## What to do
Transcribe all the entries that follow, leaving nothing out.

Saved data entries
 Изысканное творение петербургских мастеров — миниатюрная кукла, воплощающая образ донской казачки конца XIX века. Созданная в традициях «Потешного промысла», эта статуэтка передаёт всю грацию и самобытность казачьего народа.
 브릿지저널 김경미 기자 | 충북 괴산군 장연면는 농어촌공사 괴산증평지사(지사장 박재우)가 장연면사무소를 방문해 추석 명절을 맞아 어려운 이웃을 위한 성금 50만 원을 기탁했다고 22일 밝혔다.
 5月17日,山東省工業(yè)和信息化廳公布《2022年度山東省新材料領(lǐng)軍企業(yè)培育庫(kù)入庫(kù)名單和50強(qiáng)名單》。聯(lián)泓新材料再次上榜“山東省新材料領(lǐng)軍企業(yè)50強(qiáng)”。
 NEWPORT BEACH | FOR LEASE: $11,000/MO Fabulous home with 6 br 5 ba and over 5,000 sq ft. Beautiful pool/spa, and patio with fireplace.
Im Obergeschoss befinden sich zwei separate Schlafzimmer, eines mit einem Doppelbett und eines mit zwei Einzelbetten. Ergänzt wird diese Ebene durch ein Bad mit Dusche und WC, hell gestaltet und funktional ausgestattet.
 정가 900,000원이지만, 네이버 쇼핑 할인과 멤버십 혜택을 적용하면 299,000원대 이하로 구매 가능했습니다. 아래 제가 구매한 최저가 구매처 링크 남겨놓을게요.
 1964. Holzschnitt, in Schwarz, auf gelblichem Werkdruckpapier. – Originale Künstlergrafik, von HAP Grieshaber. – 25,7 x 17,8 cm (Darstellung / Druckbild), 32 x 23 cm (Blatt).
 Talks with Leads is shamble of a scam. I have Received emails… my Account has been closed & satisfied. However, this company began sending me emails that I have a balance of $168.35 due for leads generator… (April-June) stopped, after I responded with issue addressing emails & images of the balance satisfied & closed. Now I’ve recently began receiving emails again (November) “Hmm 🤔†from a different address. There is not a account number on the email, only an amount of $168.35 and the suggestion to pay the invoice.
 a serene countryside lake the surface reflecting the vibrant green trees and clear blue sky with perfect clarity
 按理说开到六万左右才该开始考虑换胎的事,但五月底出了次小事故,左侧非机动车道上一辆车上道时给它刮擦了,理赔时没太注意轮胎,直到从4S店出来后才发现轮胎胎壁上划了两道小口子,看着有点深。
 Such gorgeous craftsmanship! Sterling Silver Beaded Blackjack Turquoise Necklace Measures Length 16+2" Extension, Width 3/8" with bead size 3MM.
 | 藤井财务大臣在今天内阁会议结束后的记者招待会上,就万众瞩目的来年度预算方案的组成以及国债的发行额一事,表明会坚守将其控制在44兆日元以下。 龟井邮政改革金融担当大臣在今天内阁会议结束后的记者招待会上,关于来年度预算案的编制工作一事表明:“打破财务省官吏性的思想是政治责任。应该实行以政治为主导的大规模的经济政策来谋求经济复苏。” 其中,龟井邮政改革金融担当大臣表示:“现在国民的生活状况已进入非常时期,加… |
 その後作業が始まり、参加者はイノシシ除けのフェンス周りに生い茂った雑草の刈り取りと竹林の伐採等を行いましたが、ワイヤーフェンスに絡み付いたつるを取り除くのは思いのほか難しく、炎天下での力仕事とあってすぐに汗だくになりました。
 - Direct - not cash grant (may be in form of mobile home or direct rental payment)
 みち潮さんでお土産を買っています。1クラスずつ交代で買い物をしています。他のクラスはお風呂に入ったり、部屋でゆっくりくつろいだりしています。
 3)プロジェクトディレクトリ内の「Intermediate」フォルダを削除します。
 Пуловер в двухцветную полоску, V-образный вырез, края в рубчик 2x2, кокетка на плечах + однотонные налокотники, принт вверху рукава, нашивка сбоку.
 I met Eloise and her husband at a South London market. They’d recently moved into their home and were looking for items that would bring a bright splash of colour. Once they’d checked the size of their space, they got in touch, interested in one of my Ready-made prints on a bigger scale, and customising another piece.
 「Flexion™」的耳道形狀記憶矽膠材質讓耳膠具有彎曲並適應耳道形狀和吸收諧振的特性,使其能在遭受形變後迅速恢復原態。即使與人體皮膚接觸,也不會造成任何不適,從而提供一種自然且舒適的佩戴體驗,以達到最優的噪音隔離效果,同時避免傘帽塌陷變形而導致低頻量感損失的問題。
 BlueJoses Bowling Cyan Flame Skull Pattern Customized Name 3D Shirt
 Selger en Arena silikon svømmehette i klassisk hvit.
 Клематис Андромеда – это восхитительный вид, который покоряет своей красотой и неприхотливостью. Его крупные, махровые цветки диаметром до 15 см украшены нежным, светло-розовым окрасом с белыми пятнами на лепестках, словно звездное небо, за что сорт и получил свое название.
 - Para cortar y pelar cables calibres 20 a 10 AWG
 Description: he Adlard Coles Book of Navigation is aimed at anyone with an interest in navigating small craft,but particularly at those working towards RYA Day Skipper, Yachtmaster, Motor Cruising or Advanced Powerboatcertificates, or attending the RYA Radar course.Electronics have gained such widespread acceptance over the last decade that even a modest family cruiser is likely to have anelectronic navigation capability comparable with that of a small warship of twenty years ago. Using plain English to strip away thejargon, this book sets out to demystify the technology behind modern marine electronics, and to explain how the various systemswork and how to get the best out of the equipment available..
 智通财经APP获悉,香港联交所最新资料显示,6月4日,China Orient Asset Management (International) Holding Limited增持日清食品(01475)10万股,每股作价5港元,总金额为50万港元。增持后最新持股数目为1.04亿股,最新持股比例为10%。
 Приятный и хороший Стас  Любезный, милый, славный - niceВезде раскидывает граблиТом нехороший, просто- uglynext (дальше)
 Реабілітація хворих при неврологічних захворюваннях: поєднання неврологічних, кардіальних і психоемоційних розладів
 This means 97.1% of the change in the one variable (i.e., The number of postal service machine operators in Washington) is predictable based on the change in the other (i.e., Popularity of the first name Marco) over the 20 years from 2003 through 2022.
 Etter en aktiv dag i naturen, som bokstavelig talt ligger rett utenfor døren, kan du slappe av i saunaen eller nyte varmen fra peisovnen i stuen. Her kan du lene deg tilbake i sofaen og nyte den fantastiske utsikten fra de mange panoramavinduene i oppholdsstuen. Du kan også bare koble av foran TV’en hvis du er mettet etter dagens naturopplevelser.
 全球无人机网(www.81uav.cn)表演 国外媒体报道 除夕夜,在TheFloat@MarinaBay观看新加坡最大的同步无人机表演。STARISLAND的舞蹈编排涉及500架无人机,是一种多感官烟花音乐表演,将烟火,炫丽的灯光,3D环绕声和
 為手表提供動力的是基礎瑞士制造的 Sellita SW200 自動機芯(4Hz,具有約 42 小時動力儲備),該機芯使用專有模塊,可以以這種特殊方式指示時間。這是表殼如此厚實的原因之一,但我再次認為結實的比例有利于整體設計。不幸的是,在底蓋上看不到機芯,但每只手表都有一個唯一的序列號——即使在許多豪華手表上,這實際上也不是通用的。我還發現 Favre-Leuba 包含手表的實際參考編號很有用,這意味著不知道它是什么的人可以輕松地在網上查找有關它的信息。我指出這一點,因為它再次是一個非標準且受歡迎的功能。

## Solution for this problem
 Изысканное творение петербургских мастеров — миниатюрная кукла, воплощающая образ донской казачки конца XIX века. Созданная в традициях «Потешного промысла», эта статуэтка передаёт всю грацию и самобытность казачьего народа.
 브릿지저널 김경미 기자 | 충북 괴산군 장연면는 농어촌공사 괴산증평지사(지사장 박재우)가 장연면사무소를 방문해 추석 명절을 맞아 어려운 이웃을 위한 성금 50만 원을 기탁했다고 22일 밝혔다.
 5月17日,山東省工業(yè)和信息化廳公布《2022年度山東省新材料領(lǐng)軍企業(yè)培育庫(kù)入庫(kù)名單和50強(qiáng)名單》。聯(lián)泓新材料再次上榜“山東省新材料領(lǐng)軍企業(yè)50強(qiáng)”。
 NEWPORT BEACH | FOR LEASE: $11,000/MO Fabulous home with 6 br 5 ba and over 5,000 sq ft. Beautiful pool/spa, and patio with fireplace.
Im Obergeschoss befinden sich zwei separate Schlafzimmer, eines mit einem Doppelbett und eines mit zwei Einzelbetten. Ergänzt wird diese Ebene durch ein Bad mit Dusche und WC, hell gestaltet und funktional ausgestattet.
 정가 900,000원이지만, 네이버 쇼핑 할인과 멤버십 혜택을 적용하면 299,000원대 이하로 구매 가능했습니다. 아래 제가 구매한 최저가 구매처 링크 남겨놓을게요.
 1964. Holzschnitt, in Schwarz, auf gelblichem Werkdruckpapier. – Originale Künstlergrafik, von HAP Grieshaber. – 25,7 x 17,8 cm (Darstellung / Druckbild), 32 x 23 cm (Blatt).
 Talks with Leads is shamble of a scam. I have Received emails… my Account has been closed & satisfied. However, this company began sending me emails that I have a balance of $168.35 due for leads generator… (April-June) stopped, after I responded with issue addressing emails & images of the balance satisfied & closed. Now I’ve recently began receiving emails again (November) “Hmm 🤔†from a different address. There is not a account number on the email, only an amount of $168.35 and the suggestion to pay the invoice.
 a serene countryside lake the surface reflecting the vibrant green trees and clear blue sky with perfect clarity
 按理说开到六万左右才该开始考虑换胎的事,但五月底出了次小事故,左侧非机动车道上一辆车上道时给它刮擦了,理赔时没太注意轮胎,直到从4S店出来后才发现轮胎胎壁上划了两道小口子,看着有点深。
 Such gorgeous craftsmanship! Sterling Silver Beaded Blackjack Turquoise Necklace Measures Length 16+2" Extension, Width 3/8" with bead size 3MM.
 | 藤井财务大臣在今天内阁会议结束后的记者招待会上,就万众瞩目的来年度预算方案的组成以及国债的发行额一事,表明会坚守将其控制在44兆日元以下。 龟井邮政改革金融担当大臣在今天内阁会议结束后的记者招待会上,关于来年度预算案的编制工作一事表明:“打破财务省官吏性的思想是政治责任。应该实行以政治为主导的大规模的经济政策来谋求经济复苏。” 其中,龟井邮政改革金融担当大臣表示:“现在国民的生活状况已进入非常时期,加… |
 その後作業が始まり、参加者はイノシシ除けのフェンス周りに生い茂った雑草の刈り取りと竹林の伐採等を行いましたが、ワイヤーフェンスに絡み付いたつるを取り除くのは思いのほか難しく、炎天下での力仕事とあってすぐに汗だくになりました。
 - Direct - not cash grant (may be in form of mobile home or direct rental payment)
 みち潮さんでお土産を買っています。1クラスずつ交代で買い物をしています。他のクラスはお風呂に入ったり、部屋でゆっくりくつろいだりしています。
 3)プロジェクトディレクトリ内の「Intermediate」フォルダを削除します。
 Пуловер в двухцветную полоску, V-образный вырез, края в рубчик 2x2, кокетка на плечах + однотонные налокотники, принт вверху рукава, нашивка сбоку.
 I met Eloise and her husband at a South London market. They’d recently moved into their home and were looking for items that would bring a bright splash of colour. Once they’d checked the size of their space, they got in touch, interested in one of my Ready-made prints on a bigger scale, and customising another piece.
 「Flexion™」的耳道形狀記憶矽膠材質讓耳膠具有彎曲並適應耳道形狀和吸收諧振的特性,使其能在遭受形變後迅速恢復原態。即使與人體皮膚接觸,也不會造成任何不適,從而提供一種自然且舒適的佩戴體驗,以達到最優的噪音隔離效果,同時避免傘帽塌陷變形而導致低頻量感損失的問題。
 BlueJoses Bowling Cyan Flame Skull Pattern Customized Name 3D Shirt
 Selger en Arena silikon svømmehette i klassisk hvit.
 Клематис Андромеда – это восхитительный вид, который покоряет своей красотой и неприхотливостью. Его крупные, махровые цветки диаметром до 15 см украшены нежным, светло-розовым окрасом с белыми пятнами на лепестках, словно звездное небо, за что сорт и получил свое название.
 - Para cortar y pelar cables calibres 20 a 10 AWG
 Description: he Adlard Coles Book of Navigation is aimed at anyone with an interest in navigating small craft,but particularly at those working towards RYA Day Skipper, Yachtmaster, Motor Cruising or Advanced Powerboatcertificates, or attending the RYA Radar course.Electronics have gained such widespread acceptance over the last decade that even a modest family cruiser is likely to have anelectronic navigation capability comparable with that of a small warship of twenty years ago. Using plain English to strip away thejargon, this book sets out to demystify the technology behind modern marine electronics, and to explain how the various systemswork and how to get the best out of the equipment available..
 智通财经APP获悉,香港联交所最新资料显示,6月4日,China Orient Asset Management (International) Holding Limited增持日清食品(01475)10万股,每股作价5港元,总金额为50万港元。增持后最新持股数目为1.04亿股,最新持股比例为10%。
 Приятный и хороший Стас  Любезный, милый, славный - niceВезде раскидывает граблиТом нехороший, просто- uglynext (дальше)
 Реабілітація хворих при неврологічних захворюваннях: поєднання неврологічних, кардіальних і психоемоційних розладів
 This means 97.1% of the change in the one variable (i.e., The number of postal service machine operators in Washington) is predictable based on the change in the other (i.e., Popularity of the first name Marco) over the 20 years from 2003 through 2022.
 Etter en aktiv dag i naturen, som bokstavelig talt ligger rett utenfor døren, kan du slappe av i saunaen eller nyte varmen fra peisovnen i stuen. Her kan du lene deg tilbake i sofaen og nyte den fantastiske utsikten fra de mange panoramavinduene i oppholdsstuen. Du kan også bare koble av foran TV’en hvis du er mettet etter dagens naturopplevelser.
 全球无人机网(www.81uav.cn)表演 国外媒体报道 除夕夜,在TheFloat@MarinaBay观看新加坡最大的同步无人机表演。STARISLAND的舞蹈编排涉及500架无人机,是一种多感官烟花音乐表演,将烟火,炫丽的灯光,3D环绕声和
 為手表提供動力的是基礎瑞士制造的 Sellita SW200 自動機芯(4Hz,具有約 42 小時動力儲備),該機芯使用專有模塊,可以以這種特殊方式指示時間。這是表殼如此厚實的原因之一,但我再次認為結實的比例有利于整體設計。不幸的是,在底蓋上看不到機芯,但每只手表都有一個唯一的序列號——即使在許多豪華手表上,這實際上也不是通用的。我還發現 Favre-Leuba 包含手表的實際參考編號很有用,這意味著不知道它是什么的人可以輕松地在網上查找有關它的信息。我指出這一點,因為它再次是一個非標準且受歡迎的功能。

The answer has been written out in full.